Audit-Related Fees consists of assurance and
related services by Ernst & Young LLP that are reasonably
related to the performance of the audit or review of our
financial statements and are not reported above under
Audit Fees.
Tax Fees consists of professional services
rendered by Ernst & Young LLP for tax compliance and tax
planning. The services for the fees disclosed under this
category include tax return preparation and technical tax advice.

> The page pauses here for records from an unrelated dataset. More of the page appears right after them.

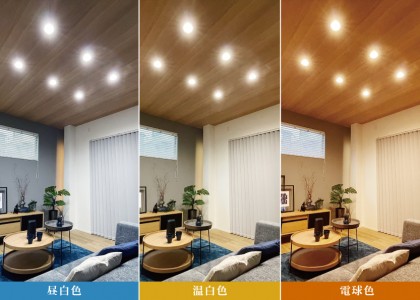 リビング天井のダウンライトは昼白色・温白色・電球色と色温度を調光でき、日中と夜間などシーンによって使い分けることが出来ます。
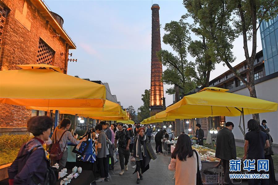 游客在江西景德镇陶溪川大集上选购陶瓷商品(2018年10月18日摄)。新华社记者 万象 摄
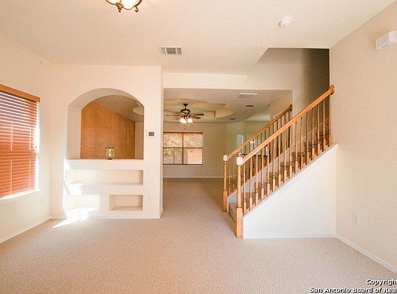 Move right in & unpack your bags. Nothing else is needed. This beautiful & spacious 4-bedroom home with an open floor plan is on a greenbelt & a cul-de-sac & is in perfect move-in condition. You will love the large bedrooms, the great closet space, the oversized kitchen with a refrigerator, the covered patio with tile flooring & the large storage shed. Lots of ceiling fans, blinds on all windows & great privacy. Good schools, great location, close to major highways & shopping. Easy commute to Lackland AFB.
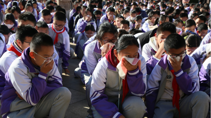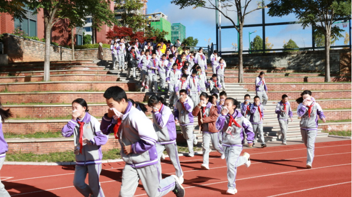 期间,师生们迅速向开阔的升旗广场集中,队伍整齐,行动一致。班主任立即清点本班人数,并快速、准确地将情况汇总上报至指挥组,确保每一位学生的安全得以确认。

All Other Fees for fiscal year 2005 was
related to accounting research software.
Pre-approval Policy. The Audit Committee has established
a policy governing our use of Ernst & Young LLP for
non-audit services. Under the policy, the Audit Committee is
required to pre-approve all audit and non-audit services
performed by the Companys independent auditors in order to
ensure that the provision of such services does not impair the
auditors independence. The Audit Committee pre-approves
certain Audit and Audit-Related Services, subject to certain fee
levels. Any proposed services that are not a type of service
that has been pre-approved or that exceed pre-approval cost
levels require specific approval by the Audit Committee in
advance. The Committee periodically revises the lists of
pre-approved service types set forth in the policy as required.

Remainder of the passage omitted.